Fidan olayı

Kayıt Tarihi: 01.01.1970 02:00 - Son Güncelleme: 18.05.2024 09:40
YAZI
A
 -İsrail Tayyip Erdoğan'ı çok mu seviyor?

-İsrail Ahmet Davutoğlu'nu çok mu seviyor?

Yazıya böyle gireyim istedim. Bu soruyu İsrail'den başka bazı ülkeler ya da odaklar çerçevesinde de sorabiliriz.

Sanırsınız ki MİT Müsteşarı Hakan Fidan, Cumhurbaşkanı'ndan, Başbakan'dan, Dışişleri Bakanı'ndan bağımsız bir dış politika stratejisinin mimarı ve o istikamette tasarruflarda bulunuyor.

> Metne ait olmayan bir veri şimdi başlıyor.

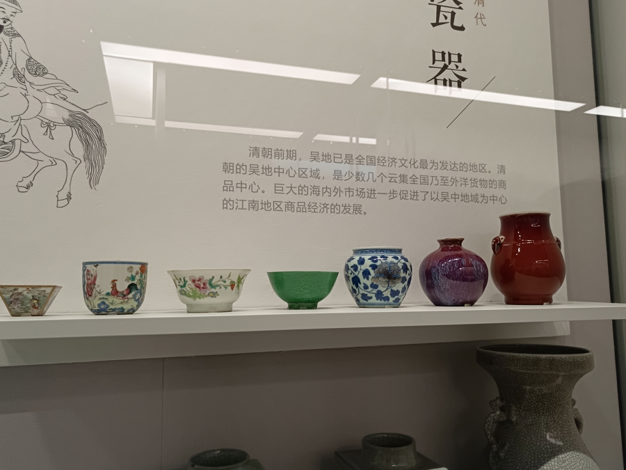 确实,吴文化博物馆的展陈和其它很多博物馆都不一样,大多数博物馆里的展陈,讲述的往往是某个王朝的历史,或恢弘或庄重,但这里的文物几乎件件透着精致,透着烟火气,即便是魏晋南北朝时那些毫无看似普通、毫无雕琢的茶杯等器具,放在今天的人家用,也并不过时,甚至别有风味。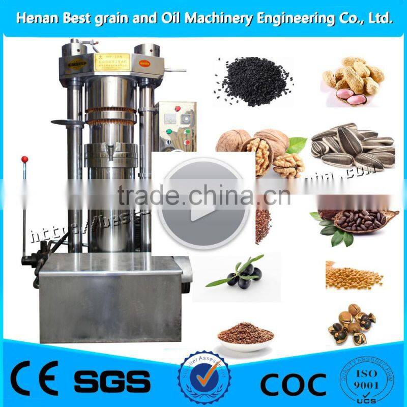 6YY-230 new improved design hydraulic oil press machine on the basis of the introduction of foreign similar products. Easy to use, easy to operate, high oil yield, is designed for pressing sesame, peanut, walnut, almond, pine nuts, tea seeds,cocoa beans/cacao and other high-oil crops professional equipment.
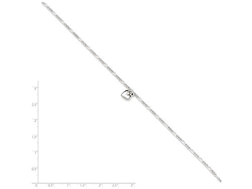 Sterling Silver Polished Heart W/ 1in Ext. Anklet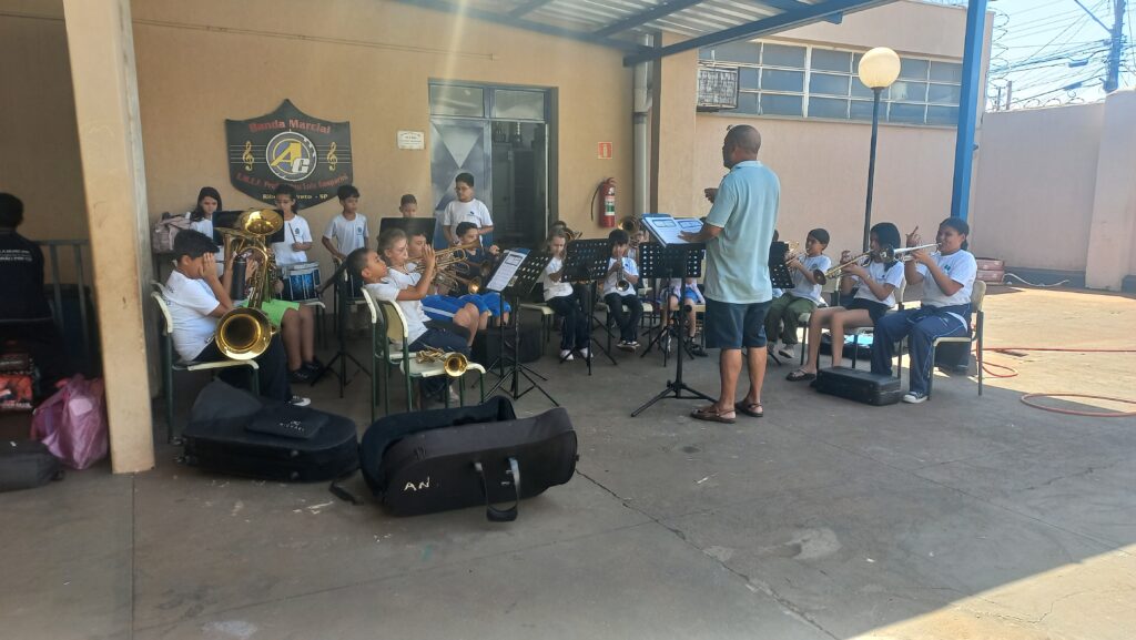 Recebemos a visita do músico e trompetista Michel Ramos – o Torão –, que compartilhou um pouco de sua técnica e habilidade musical com nossos integrantes da BMAG (Banda Marcial Alfeu Gasparini). Sua presença foi inspiradora e contribuiu muito para o crescimento artístico de nossos alunos. Agradecemos imensamente por essa troca tão enriquecedora!

Türkiye'nin İran ile, İsrail ile, Suriye ile, Amerika-Rusya ile, AB ile, Çin ile ilişkilerini düzenliyor, mesela Çin'den füze savunma sistemleri alınmasına Hakan Fidan karar veriyor.

Sanırsınız ki Türkiye'de devlet, MİT'ten yönetiliyor.

Tabii ki böyle değil ve tabii ki MİT Müsteşarı Hakan Fidan devletin bir yüksek memurudur. Evet, tercih edilmiş bir memuru, evet özellikli bir memuru ama devletin şu andaki politikalarına göre çalışan, anlaşılıyor ki devletin de bu noktada güvenini kazanmış, bu politikaları başında bulunduğu kuruma düşen görev çerçevesinde en iyi biçimde yürüttüğüne inanılan bir memuru.

Devlet, yani onun bir parçası olan Başbakan, ABD Başkanı ile görüşmesinde yanında bulunduracak kadar önemsiyor onu.

MİT, içeride-dışarda devleti yönetenlerin gözü kulağı olmuş bir kurum. Bu görevi bazen iyi yapmış, bazen yapamamış. Yapamamış, içeride darbeleri Başbakan'a haber veremeyecek kadar yapamamış.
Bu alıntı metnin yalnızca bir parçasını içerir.